Tuesday September 02, 2014

Rural doctors have made progress


Dr. Lewis Draper — the former mayor and one-time NDP MLA for Assiniboia-Gravelbourg — has a new book out entitled Prairie Doctor.

Like Dr. Draper himself, the book is an interesting piece of work — one both pleasant and colourful. But unlike his previous work where the former NDP MLA laments his years in politics and his deep-seeded opposition to rural hospital closures and what he calls former NDP premier Roy Romanow’s “health deform”, Draper’s latest writing is mostly autobiography.
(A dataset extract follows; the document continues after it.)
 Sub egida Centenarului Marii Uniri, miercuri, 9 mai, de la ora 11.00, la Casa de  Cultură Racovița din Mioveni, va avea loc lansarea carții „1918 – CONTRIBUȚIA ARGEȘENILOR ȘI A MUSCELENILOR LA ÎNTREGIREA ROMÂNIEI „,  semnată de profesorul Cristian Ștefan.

It chronicles the English doctor’s arrival from Scotland (via Nigeria) to Wadena and then Lafleche where he details the adventures of a young foreign doctor adjusting to life in rural Saskatchewan in the years shortly after the controversial introduction of medicare.
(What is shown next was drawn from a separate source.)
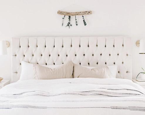 Headboards can be a fun way of incorporating a fabulous accent fabric or to add texture and depth with natural linen, woven plains, or subtle self-patterns.

But what’s more interesting than the medical politics of the day is how little has actually changed in the last five decades when it comes to recruiting rural doctors.

Draper’s arrival slightly before the era of South African doctors in rural Saskatchewan is really a story about the influence of foreign doctors in small-town Saskatchewan.
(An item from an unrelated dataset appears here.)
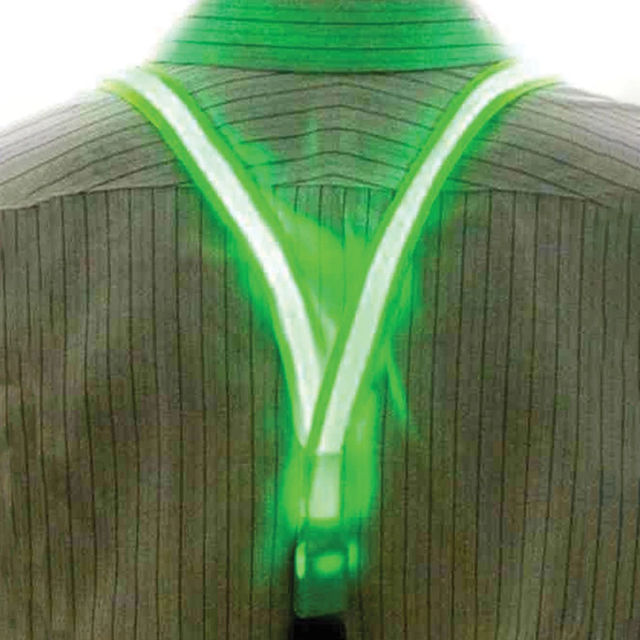 Light up any bottoms you have and make it a party! These fun Led Suspenders come in Blue and Green. Attaches to any pant, shorts, bottoms by clip.

And many of the issues of recruitment, stability and turnover in rural Saskatchewan health care delivery are not much different than they are today. In fact, even the closure of rural hospitals that Draper and so many rural residents came to dread hasn’t much changed the struggles. If anything, it’s made them even more difficult.

That said, the numbers indicate that — while progress is slow — some progress is being made.

According to a recent government news release, 2013 saw an additional 61 doctors set up practice in smaller towns and cities — many of them, coming to this province as a result of the Saskatchewan International Physician Assessment program. Since the inception of (SIPPA) in 2011, a total of 113 more doctors have started working in this province.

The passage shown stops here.